Der 4. ZS machte in seiner Entscheidung deutlich, dass der Anspruch des VN auf Herausgabe von Nutzungen aus Verwaltungskostenanteilen nicht anhand der Eigenkapitalrendite des VR berechnet werden kann (29.4.20, IV ZR 5/19, Abruf-Nr. 215716).

 

MERKE | Ein VN, der vom VR die Herausgabe von Nutzungen aus rechtsgrundlos geleisteten Beitragszahlungen verlangt, ist für Anfall und Höhe tatsächlich gezogener Nutzungen darlegungs- und beweisbelastet.

 

Dies verlangt ihm einen Tatsachenvortrag ab, der nicht ohne Bezug zur Ertragslage des jeweiligen VR auf eine tatsächliche Vermutung einer Gewinnerzielung in bestimmter Höhe gestützt werden kann (BGHZ 220, 297 Rn. 20 m. w.
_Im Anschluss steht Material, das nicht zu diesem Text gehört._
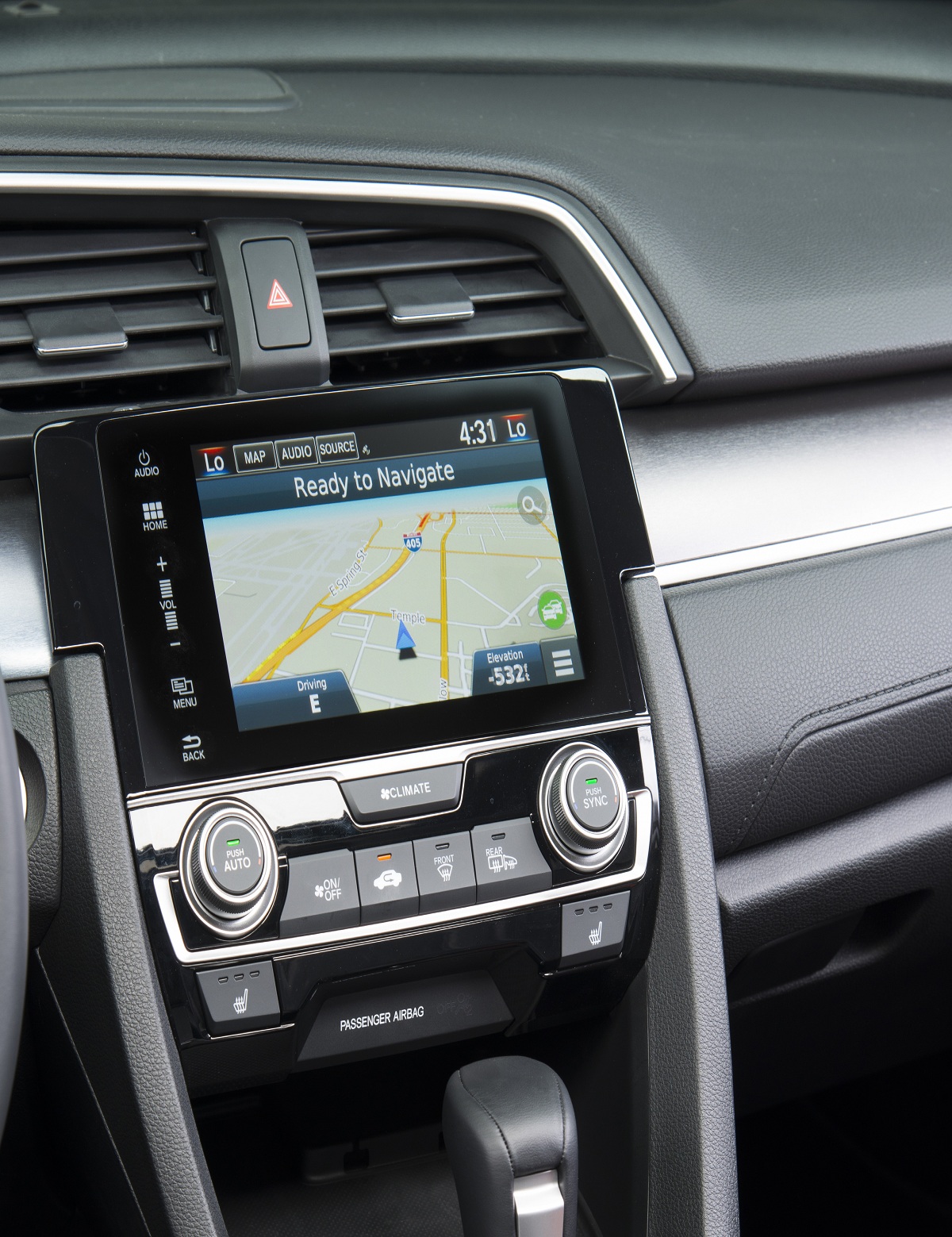 而藉由加大的體型,車內空間也因而受惠,後座膝部空間增加了2英吋(約5cm)。而其他實用配備尚有自動氣候控制雙區恆溫空調、電子手煞車、自動駐車制動保持裝置、無人自動鎖門裝置、7吋全彩TFT中央螢幕(支援Android Auto和Apple CarPlay車用娛樂系統)、LED抬頭顯示器、加熱前後排座椅、加熱側後視鏡、8向電動可調駕駛座椅以及駕駛座14度傾斜可調的腿部支撐…等等。配備這麼豐富,希望不會是部「百萬」喜美呀!。

N.). Da sich die Herausgabepflicht nach § 818 Abs. 1 BGB auf die Nutzungen beschränkt, die der Bereicherte aus dem ohne Rechtsgrund erlangten Gegenstand oder aus einem Surrogat im Sinne des § 818 Abs. 1 BGB gezogen hat, muss die Ertragslage des VR, auf die sich der VN zur Darlegung des Nutzungsherausgabeanspruchs bezieht, die Verwendung der rechtsgrundlos erbrachten Beitragszahlungen abbilden. Das ist bei der Eigenkapitalrendite nicht der Fall.